Connection Between TSC and Autism

About 25 percent to 50 percent of all children diagnosed with TSC also have autism. And people who have both an autism spectrum disorder and a seizure disorder have a higher than normal prevalence of TSC.

While tumors in the brain are often associated with the neurological symptoms of TSC, there are also developmental abnormalities in the brain associated with TSC that contribute to the neuropsychological effects, including learning disabilities. These changes affect communication between different regions in the brain and could be associated with the link between autism and TSD.

Research looking at the links between TSC and behavioral and neuropsychiatric disorders can be complex due to the frequently overlapping symptoms.

Recognizing and Diagnosing TSC

In most cases, the first clue to recognizing TSC is the presence of seizures or delayed development. In other cases, the first sign may be white patches on the skin. To diagnose TSC, doctors use CT or MRI scans of the brain, as well as an ultrasound of the heart, liver, and kidneys.

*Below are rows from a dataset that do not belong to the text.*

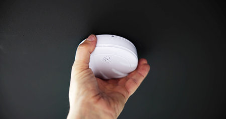 Person's Hand Installing Smoke Detector On Ceiling Wall At Home
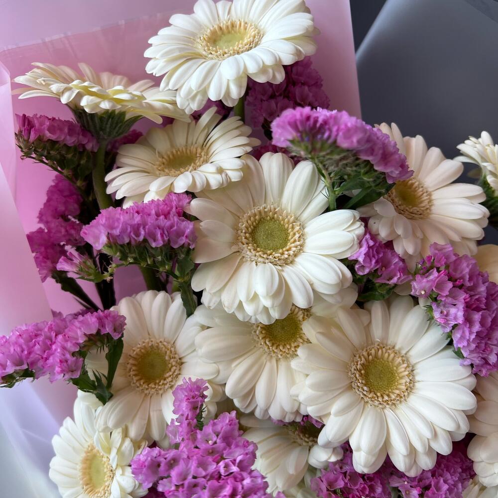 Букет с белыми Герберами и сиреневой статицей
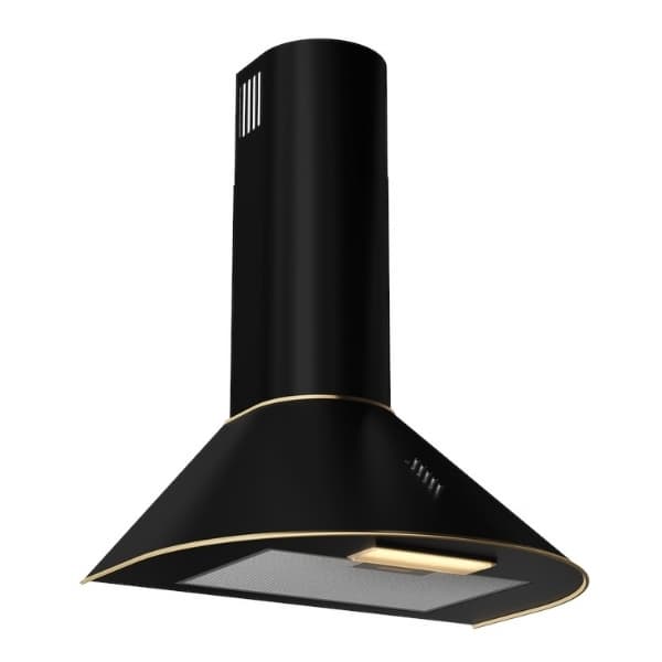 Vegghengt ventilator med energiklasse A+ i svart med buet front for et spennende design i kjøkkenet. Kapasitet på 296-426 m3/t og lydnivå 61-69 db.
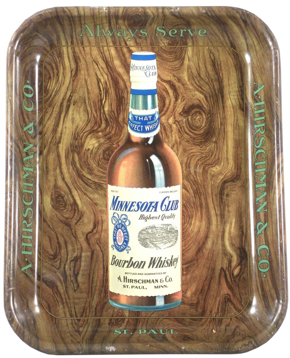 Minnesota Club Bourbon Tin Serving Tray. A. Hirschaman & Co. St. Paul, Minn. One small scratch at 3:00 and a few edge chips otherwise excellent condition. 10 1/2 X 13 1/4 inches.
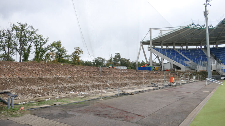 Der Abbau der provisorischen Nordtribüne im Wildpark ist abgeschlossen. Hier waren zuletzt die Stehplätze der Anhänger des Karlsruher SC untergebracht. Mit dem Abbau des Provisoriums wird nun der Start der letzten Bauphase im BBBank Wildpark eingeläutet.
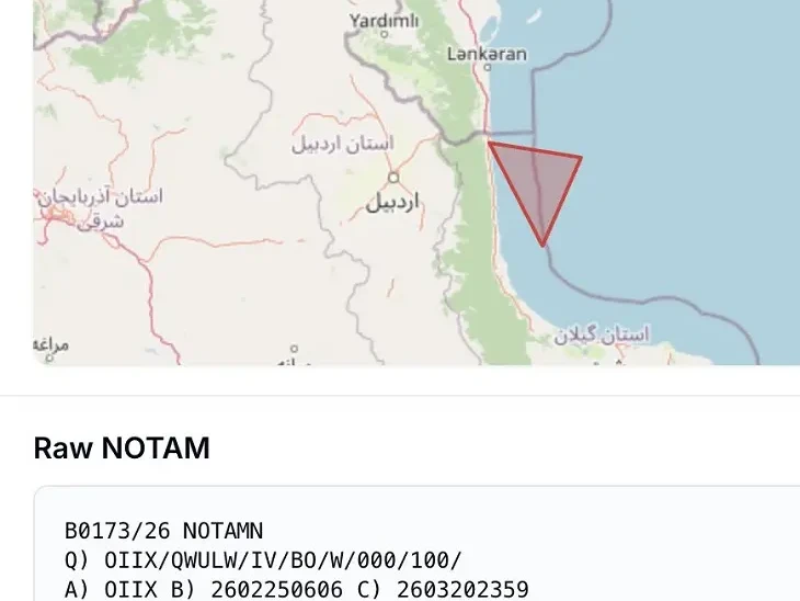 İran ötən gün Azərbaycanla sərhəd boyunca NOTAM (uçuş xəbərdarlığı) bildirişi yayıb.

It is possible to inherit TSC from a parent. Most cases, though, are due to spontaneous genetic mutations. That is, a child’s genes develop the mutation before they are born—even though neither parent has either TSC or an associated gene.

When TSC is inherited, it usually comes from only one parent. If a parent has TSC, each child has a 50% chance of developing the disorder. A child who inherits TSC may not have the same symptoms as their parent, and they may have either a milder or a more severe form of the disorder.

A Word From Verywell

While neither TSC nor autism is curable, they both can be managed with medical and therapeutic interventions. The outcome is better for children who are diagnosed and treated while they are young.